**What is expected:**
Everything from the opening line of the listing below to the line that has "Wicker poppenwiege met", inclusive, should be returned exactly, except the pictures.

**Data segment:**
******************************

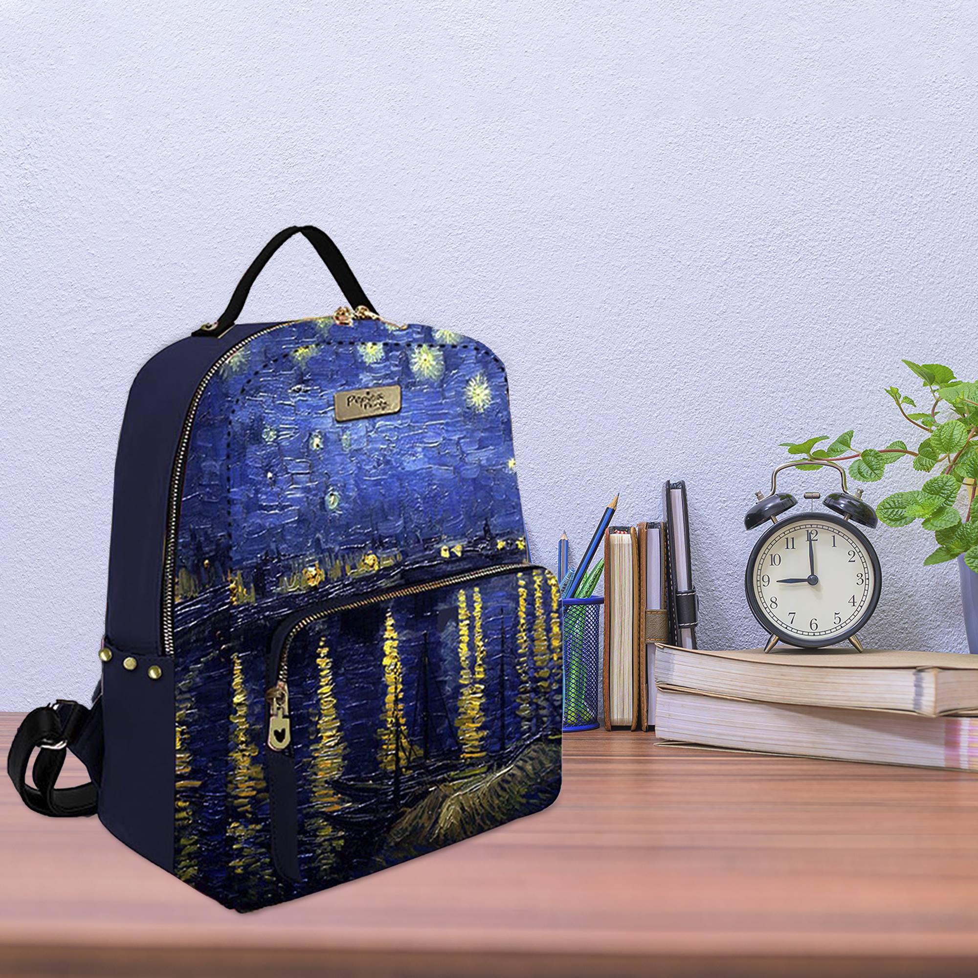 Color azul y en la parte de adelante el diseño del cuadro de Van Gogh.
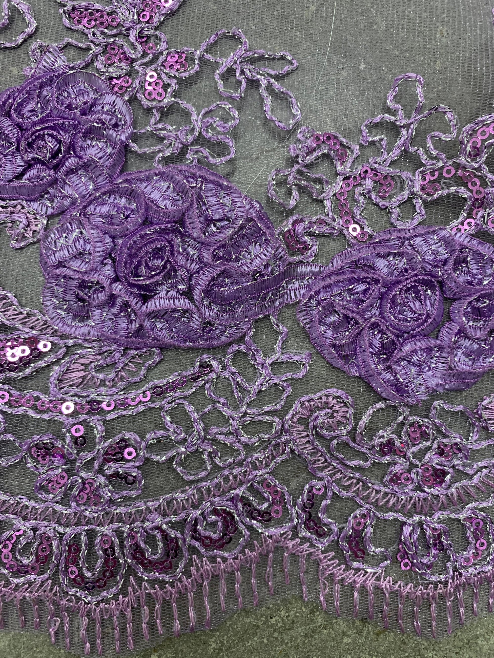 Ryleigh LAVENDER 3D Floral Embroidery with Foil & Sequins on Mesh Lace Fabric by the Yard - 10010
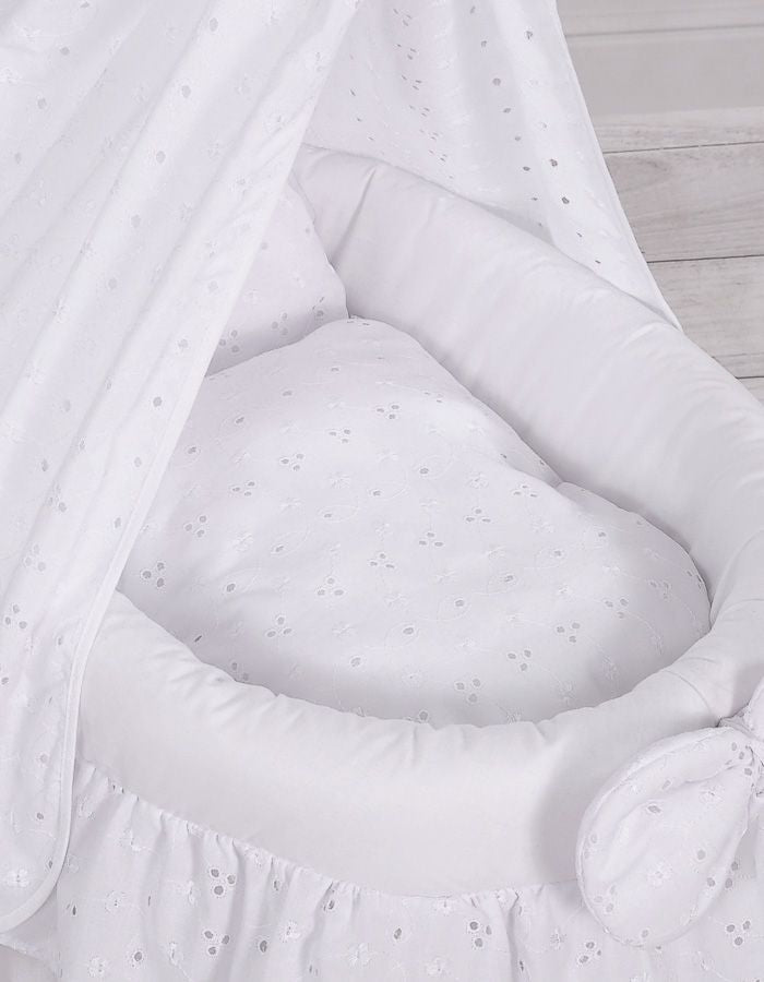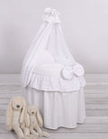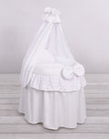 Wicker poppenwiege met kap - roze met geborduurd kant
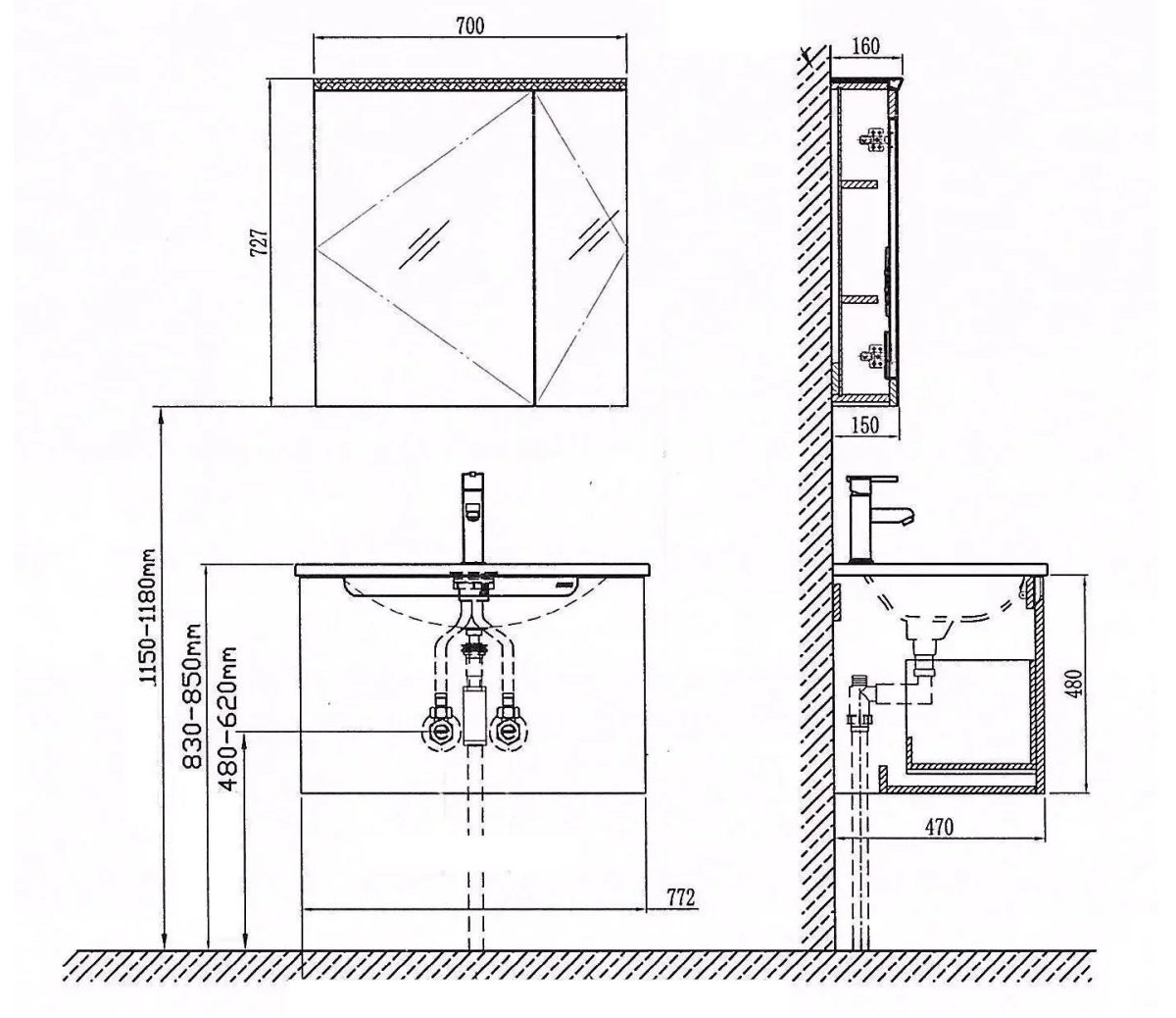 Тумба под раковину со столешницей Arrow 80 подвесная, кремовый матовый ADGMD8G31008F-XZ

******************************

**Task output:**
 Color azul y en la parte de adelante el diseño del cuadro de Van Gogh.
 Ryleigh LAVENDER 3D Floral Embroidery with Foil & Sequins on Mesh Lace Fabric by the Yard - 10010
 Wicker poppenwiege met kap - roze met geborduurd kant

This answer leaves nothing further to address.